TENDENZE 2016 – MODA e OROLOGI

 

L’anno si pone come obiettivo la ricerca dell’essenziale, trovando un punto di partenza negli anni ’60, senza però avanguardie ed innovazioni: il concept infatti non è sbalordire ma riflettere i flussi emotivi e sociologici, insieme ad una profonda introspezione da parte dell’ego e della società. La motivazione fondamentale di questa collezione sarà vestire il sé per appagarlo e raccontarlo, senza il tormento della ricerca di accettazione da parte degli altri.
La moda sarà quindi intuitiva, vicina o lontana “a pelle” a ciascun consumatore, con l’effetto di sorprendere riscoprendosi e facendosi scoprire. Un velo di allegria copre tutto l’anno, rivelando le gambe e giocando con i vedo non vedo, contaminando il maschile con il femminile (e vice versa) per liberarsi da costrizioni e convinzioni.

Il minimale, l’essenziale, sarà declinato nel personale, attraverso un uso vistoso di colori e stampe, rinnegando la simmetria per preferire piccoli ed arditi dettagli.
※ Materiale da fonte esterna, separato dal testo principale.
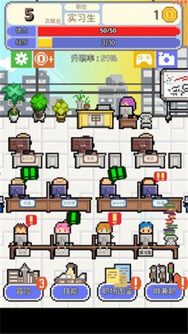 求职生存战无限金币和满升职是一款玩法简单的休闲游戏。采用了像素的风格打造的,画面复古可爱,体积极小且操作简单。玩家在游戏中需要扮演一个实习生,通过不断的求职来体验不一样的人生。游戏的剧情内容也很精彩,感兴趣的玩家不要错过,欢迎来本站下载试试。
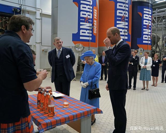 出访首日伊丽莎白女王携威廉王子抵达了苏格兰AG Barr位于Cumbernauld的饮料工厂,这一家工厂主要是以生产Irn Bru而出名,威廉王子还现场啜饮了一口。
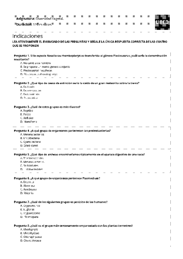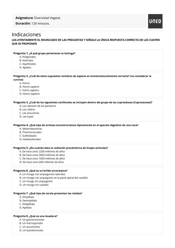 Exámenes Diversidad Vegetal
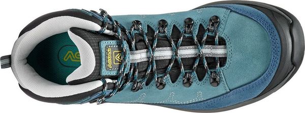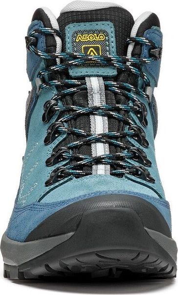 "The two-component EVAmidsole provides excellent support, stability and cushioning, which is particularly beneficial on longer tours. The Asolo/Vibram outsole with self-cleaning design and MegaGrip compound offers exceptional grip and traction on wet and dry surfaces, allowing you to move safely and confidently. A TPUtoe cap also protects against punctures and abrasion."

Le righe tornano in gran voga, insieme a fiori molto grandi, quadri futuristici, stile unisex e policromatismo teatrale.

Gli accessori avranno un ruolo fondamentale in questa collezione, che si presenta come una descrizione autobiografica, diventando quasi la punteggiatura di questo racconto: le borse sembreranno mini sculture, con righe e in pelle colorata, degli scrigni irresistibili; pochettes multicolori; le scarpe urleranno a gran voce il loro stile femminile, con righe, pizzo, con pietre o grafiche animali.

Gli orologi stessi seguiranno in parte questa tendenza, puntando nuovamente sull’oro e su nuovi materiali ( la ricerca del naturale favorirà il legno), ma d’altro canto tenteranno di superare la moda per prenderla d’anticipo, proponendosi in modelli più longevi e di stampo maschile, ricercando nuova creatività che possa sbalordire ora come domani, creando modelli attuali ma adatti a sbalordire anche in futuro. Le righe contageranno anche i segnatempo, descrivendo la continuità che di sottofondo rimane sempre sotto qualunque rivoluzione, sia anche la più impressionante, materializzando la realtà che le lancette hanno da sempre mormorato. Saranno realizzati con materiali e movimenti in grado di competere con i più noti nomi della tradizione svizzera.